Тяжело выдохнув, царевич устремил взгляд поверх постели, будто стараясь разглядеть что-то за окном в саду, промеж кустов шиповника, и чуть погодя промолвил:
– Ты приказал мне явиться, лишь чтобы имя брата с моим единовременно помянуть?
– Нет.
– А для чего?
– Я, помниться, говаривал: человеку неведомо, великий ли срок ему в мире отведен, а только мой уж на исходе. И чую: не воспользоваться мне Жар-птицей, ибо Господь не выделил на то времени. Иной пожнет ниву, которую я засеял. Но до этого она вдосталь напитается кровью. И я хочу, – голос царя стал сиплым, будто больному не хватало воздуха, – чтобы твоей крови там не было! Василия вразумлять бесполезно: ему шлея попала под хвост. Прибежал ко мне, язык набок свесив: вынь да положь ему Жар-птицу, чтобы его ребенка с того света воротить. Будто можно отдать то, чем не владеешь! А ты за ней не гонись! Не иди по следу тех мужей, которым более пристало, нежели тебе, родиться от государева семени, но которые в первую смуту в сыру землю ушли, не дождавшись, покуда голова у них побелеет. Держись сего наказа, поскольку вскоре наставить тебя будет некому…
– Значит, некому? – произнес царевич. – Вестимо! Едва моя мать услыхала мой первый крик, пришлось нанимать плакальщиц! Василий хоть годок погрелся у материнской груди, а я и того лишен! Ты все у меня отнял! – Теперь, когда отчаянно вспыхнувшая надежда безвозвратно угасла, Петр уже не считал себя обязанным сдерживаться. – А ныне решил заботливого батюшку разыграть! Ты хоть один талан потратил, чтобы те роды прошли гладко? Давно хотел у тебя о том спросить! Говори, старая паскуда!
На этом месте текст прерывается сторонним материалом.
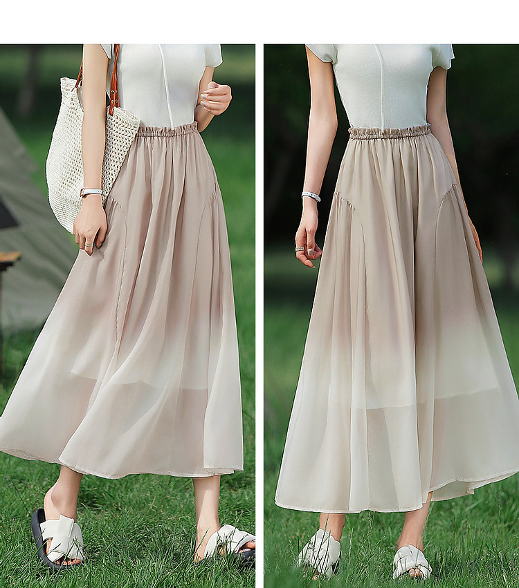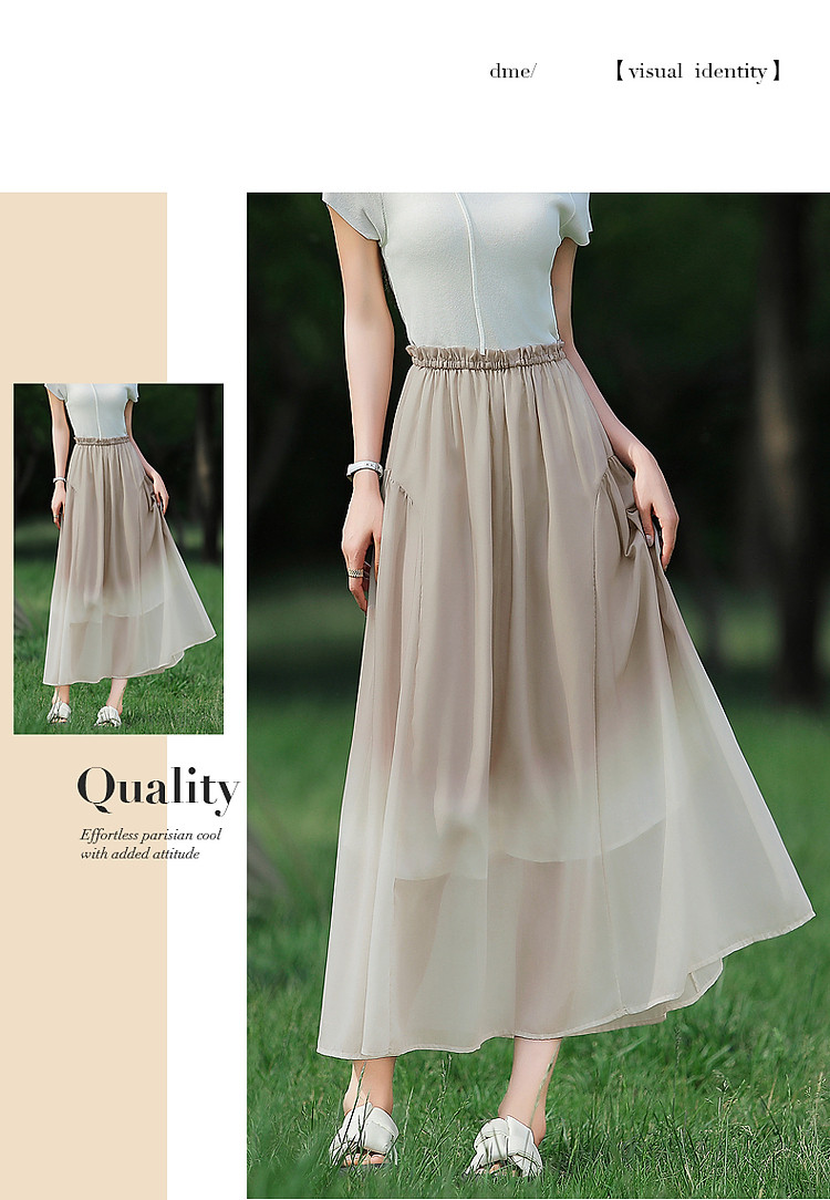 【丁达尔穿搭】夏渐变艺术舒适松紧腰爽滑飘逸a字藏肉半身裙女 408577

Говори!..
Исступленная речь Петра была прервана, но не звуком, как обыкновенно бывает, а страшной, неестественной тишиной; царевичу показалось, что он кричит в пустоту. Петр пристально посмотрел на отца. Еще не осмеливаясь поверить, он кончиком пальца коснулся навсегда остановившихся государевых век, затем нагнулся, боясь уловить остатки дыхания; со стороны это выглядело так, будто царевич отдает родителю прощальный поцелуй. Сомнения растаяли: Дормидонт не мог так притворяться, да и не имел в том нужды. Царевич выпрямился; он не спрашивал себя, не ускорил ли смерть отца своим поведением. Вообще перемена внешних обстоятельств, исключительно значимая для целого царства, занимала Петра лишь постольку, поскольку он испытывал новое и небывалое для него чувство. Это чувство было сильным желанием действовать здесь и сейчас и именно сегодня хоть что-то сделать в собственных интересах. Оно подчиняло себе, пьянило, подобно вину, но мысли не спутывались: напротив, голова работала чрезвычайно четко, и это также было непривычным и захватывающим. Петр вспомнил, что случайно слыхал о лавинах, когда еще макушкой не доставал до отцовского пояса. Воочию он никогда не сталкивался с этими многопудовыми массами снега, устремлявшимися на страх зазевавшимся козопасам со склонов гор. Но тем более величественными они ему представлялись, так же, как впечатлительный мужик, сроду не видавший царя, полагает в нем и не человека даже, а какое-то сверхъестественное существо. Теперь Петру чудилось, что подобная лавина подхватывает и увлекает его с собою, но не затем, чтобы погубить: она поднимает его на гребень, как воины начальника после победы, и признает хозяином, чтобы вместе с ним и для него раздавить любую преграду. Быстрым шагом царевич покинул горницу.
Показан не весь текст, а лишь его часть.